▼

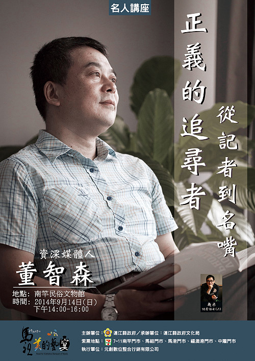 【記者劉爵誠�南竿報導】正義的追尋者-從記者到名嘴,縣府文化局名人講座邀請到資深媒體人董智森14日下午2時至4時於南竿民俗文物館舉行,邀請您一起發現不為人知的社會秘辛。
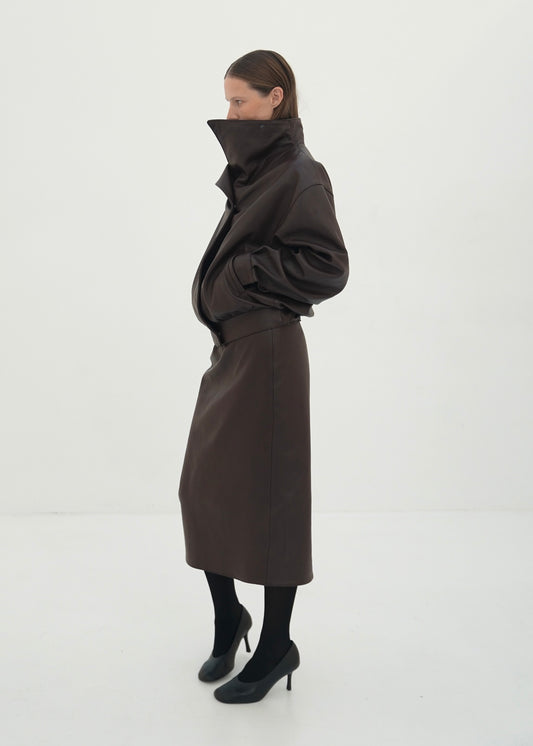Calfskin High-Collar Jacket brown
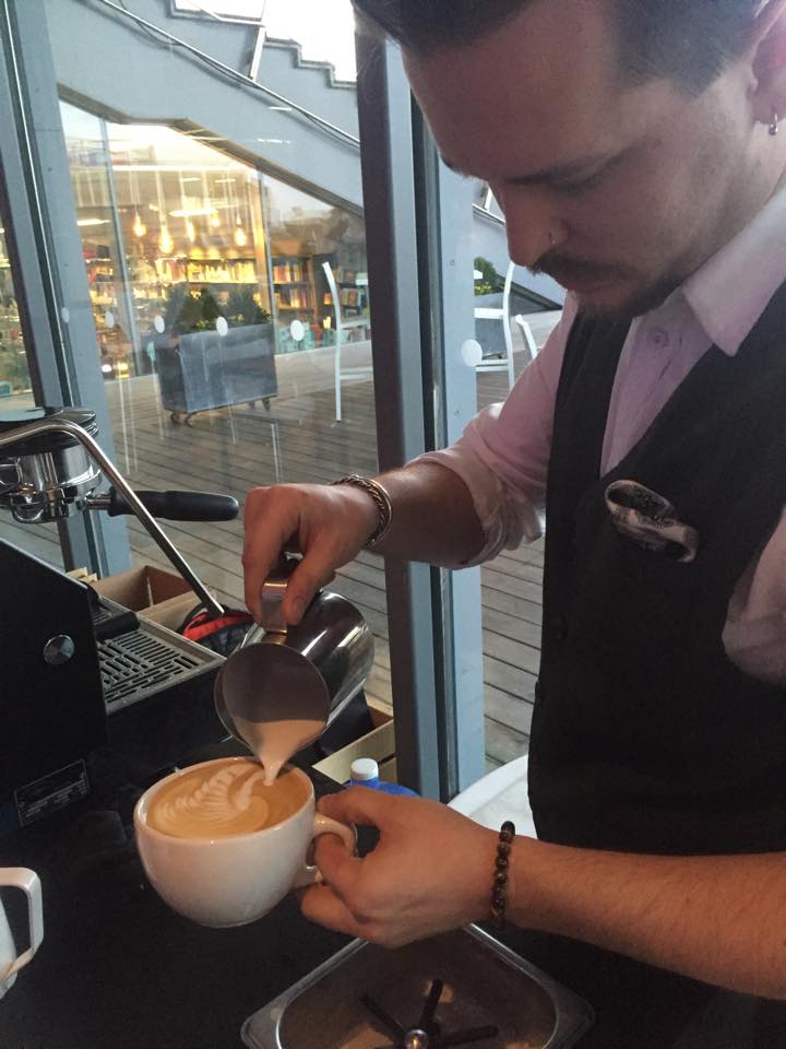 I watched the demonstration carefully, noting that the latte artist tipped the cup before pouring anything in, watching his steady hands design swans, acorns, and hearts, moving ever-so-slightly to produce the most majestic swirls and shapes.
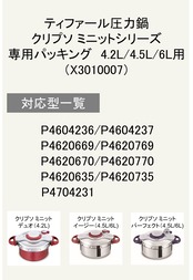 ティファール 圧力なべ クリプソミニット専用パッキング 4.2L/4.5L/6L用 X3010007 ブラック
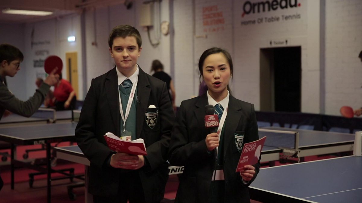 Students from St Joseph's College, Belfast meet table-tennis coach Gervis Knox.
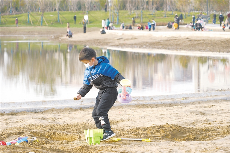 玩水、玩沙子,估計是不少孩子童年里最喜歡的娛樂項目。相信每個家長都深有體會,小孩子一頭扎進沙坑里一挖就是好幾個小時。現在這樣輕松帶娃的“勝地”在環城水系公園里也能找到啦,黃花溝公園(西園)里的星星海灣——保定市第一個戶外人造沙灘。寬敞的親水空間,柔軟的人造沙灘,還有供家長休憩的遮陽長廊,天氣晴朗時,帶上小朋友和大朋友,背上小鏟子和小水桶,來這里建造一座自己的水邊城堡,是一件十分愜意的事。

▲

● **Requirement**:
Copy the records above from the first line through the line containing "Calfskin High-Collar Jacket brown", both included, and leave out any pictures.

● **Answer space**:
 【記者劉爵誠�南竿報導】正義的追尋者-從記者到名嘴,縣府文化局名人講座邀請到資深媒體人董智森14日下午2時至4時於南竿民俗文物館舉行,邀請您一起發現不為人知的社會秘辛。
Calfskin High-Collar Jacket brown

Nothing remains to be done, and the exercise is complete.